Arsenal stepped back from the edge of the abyss and turned towards the final instead. Just when their European journey and their season appeared over, down to 10 men and trailing 2-0 through goals from Manu Trigueros and Raúl Albiol, unable to muster a shot on target and on the verge of falling at the hands of the manager they had sacked, Bukayo Saka won a penalty that gives them hope. Mikel Arteta’s side went down in Spain, but they didn’t go out, Nicolas Pépé scoring the away goal that provides something to build on in seven days’ time.
For much of the night it had not seemed likely, and it may not seem like much, but it is something. More, in fact, than had appeared likely for so long. For Arsenal, happier with the result than the performance, certainly for the first hour, there would be relief and something of a revival. Gdansk feels within reach now. For Villarreal, there is a lead but also a feeling of lost opportunity. “They got out of here alive,” said Trigueros afterwards. “We should have killed them off.”
He had a point there; he had a point, too, when he suggested Saka had been perpetrator as much as the victim on the penalty that changes the shape of this tie. That it hurt was understandable: not just because of the lead Villarreal had, the sense of superiority not made to count, and the injustice of the decision that denied them, but because of howbig this was – an opportunity to reach their first final at the expense of the team that denied them 15 years ago.
Outside, thousands of Villarreal fans had gathered, yellow smoke rising around the ground, motorbikes revving as they circled, scarves whirling, flags waving. A banner had been hung across the street. “Our history, our dream, our moment,” it said. This was Villarreal’s fifth European semi-final. The previous four times they had fallen; none hurt more than against Arsenal in the 2006 Champions League. By the stadium, a banner said simply: “Vendetta.”
Inside the only fans were cardboard cutouts, the first glimpse of revenge exacted silently. Swiftly, too. It took just five minutes for Villarreal to take the lead. Juan Foyth, repeatedly allowed to step forward, found Samu Chukwueze who ran at Granit Xhaka, a weak link identified and exploited early. The ball slipped free and Trigueros hit it hard and low into the far corner.

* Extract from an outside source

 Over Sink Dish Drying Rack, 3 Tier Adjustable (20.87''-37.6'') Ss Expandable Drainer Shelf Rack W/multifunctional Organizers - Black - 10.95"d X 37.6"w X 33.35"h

Dani Ceballos had been exposed there, too, but it was the midfielder who most sought to get Arsenal back into the game, requesting the ball and the responsibility and finding a foothold in the game. The problem was, it was never any more than that. Shots from Saka and Thomas Partey sailed well over and Rob Holding headed wide, Gerónimo Rulli an untroubled figure.
On the other side, Dani Parejo dictated the tempo, slowing down and speeding up as circumstance demanded. His pass suddenly set Alfonso Pedraza away to win the corner that doubled their lead. Although Pedraza was denied as he dashed into the area, Parejo’s corner was headed on by Gerard Moreno and Albiol volleyed in at the far post.

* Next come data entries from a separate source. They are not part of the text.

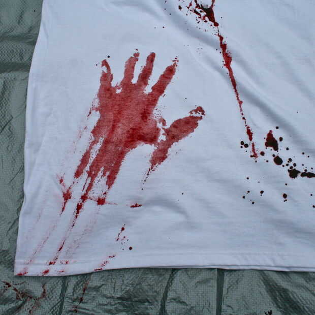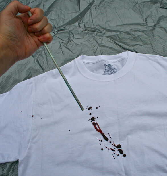 Para evitar el repintado puede colocar un trozo de cartón dentro de la camisa o solo conseguir sucio, divertirse y disfrutar el baño de sangre del centro de las cosas (y ducha inmediatamente después de).
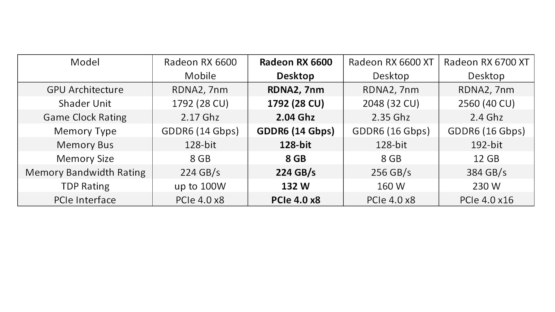 Seperti halnya RX 6000-series lain-nya, RX 6600 menggunakan arsitektur RDNA2, yang berarti GPU ini datang dengan sejumlah karakteristik serupa RX 6800- / 6700-series, seperti :
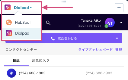 Dialpad の通話ウィジェットを使って、HubSpot 上で通話の発着信が可能です。

This already seemed beyond Arsenal who were not bad exactly, just not anything really. Momentarily, they had a penalty but the VAR spotted that Pépé had controlled with his arm before Foyth tripped him. Villarreal, meanwhile, might have had more, Moreno slipping as he went round Bernd Leno and slicing another effort wide.
Half-time brought a change in personnel and in approach which may provoke accusations of conservatism, Emery replacing Paco Alcácer with Francis Coquelin. If that invited pressure, Arsenal were inclined to accept. Yet while they took a step forward, that impetus cost them when Ceballos received a second yellow card for treading on Parejo.
Here was an opportunity for Villarreal, Chukwueze slipping in Trigueros and then firing off a shot that Leno pushed away. Leno then denied Moreno, alone in the area. Arsenal were struggling but suddenly a lifeline appeared. Saka reached for it, in every sense, targeting a tumble over Trigueros that had Artur Dias pointing to the spot again. The Villarreal midfielder had moved rather less than the Arsenal attacker, Emery insisting that it shouldn’t have been given, but this time there was no turning back and Pépé scored.
Not long after, Villarreal too were down to 10 men, Étienne Capoue sent off as he was carried off following a challenge on Saka, the tie left in the balance. Arsenal looked for more and, pushing for the equaliser now, could even have got it when Pierre-Emerick Aubameyang drew a smart save in the final minute.